:: Goal of the exercise ::
I'd like the entire listing output verbatim, apart from the pictures.

:: Stored data ::
★ ★ ★ ★
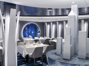 Svojim dizajnom vzdáva hold mestu New York; destinácie predstavujúce ducha objavovania a kultúrnych zážitkov. Dizajnové prvky, verejné priestory a mená sú preto inšpirované metropolou v USA. Patrí medzi ne impozantný tri metre vysoká replika Sochy slobody v srdci kasína a novo navrhnuté hlavné nákupné a zábavné časť lode s príhodným názvom Times Square. Jej hlavným rysom je impozantný 8,5 metrová LED kupoly, ktorá sa rozprestiera na štyroch palubách, s projekciou ikonického panorámu tohto neustále sa meniaceho manhattanského námestí.
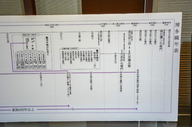 In 1587, ancestors of the Nishimura family moved from Nagasaki to Hakata and started a silk yarn import business. Later, in 1861 at the end of the Edo period, Gihei Nishimura transitioned the business to a Hakata-ori weaving factory and became the founder of Nishimura Orimono. Nishimura Orimmono continues to operate in the present day.
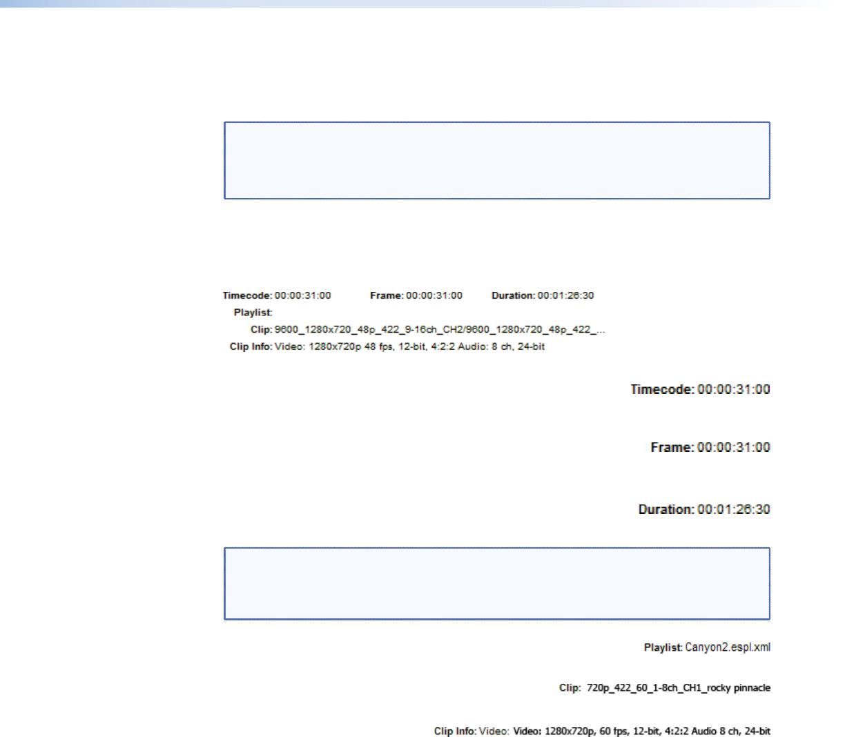 currently loaded playlist or clip. This is a static display only.
★ ★ ★ ★
:: Result of this task ::
 Svojim dizajnom vzdáva hold mestu New York; destinácie predstavujúce ducha objavovania a kultúrnych zážitkov. Dizajnové prvky, verejné priestory a mená sú preto inšpirované metropolou v USA. Patrí medzi ne impozantný tri metre vysoká replika Sochy slobody v srdci kasína a novo navrhnuté hlavné nákupné a zábavné časť lode s príhodným názvom Times Square. Jej hlavným rysom je impozantný 8,5 metrová LED kupoly, ktorá sa rozprestiera na štyroch palubách, s projekciou ikonického panorámu tohto neustále sa meniaceho manhattanského námestí.
 In 1587, ancestors of the Nishimura family moved from Nagasaki to Hakata and started a silk yarn import business. Later, in 1861 at the end of the Edo period, Gihei Nishimura transitioned the business to a Hakata-ori weaving factory and became the founder of Nishimura Orimono. Nishimura Orimmono continues to operate in the present day.
 currently loaded playlist or clip. This is a static display only.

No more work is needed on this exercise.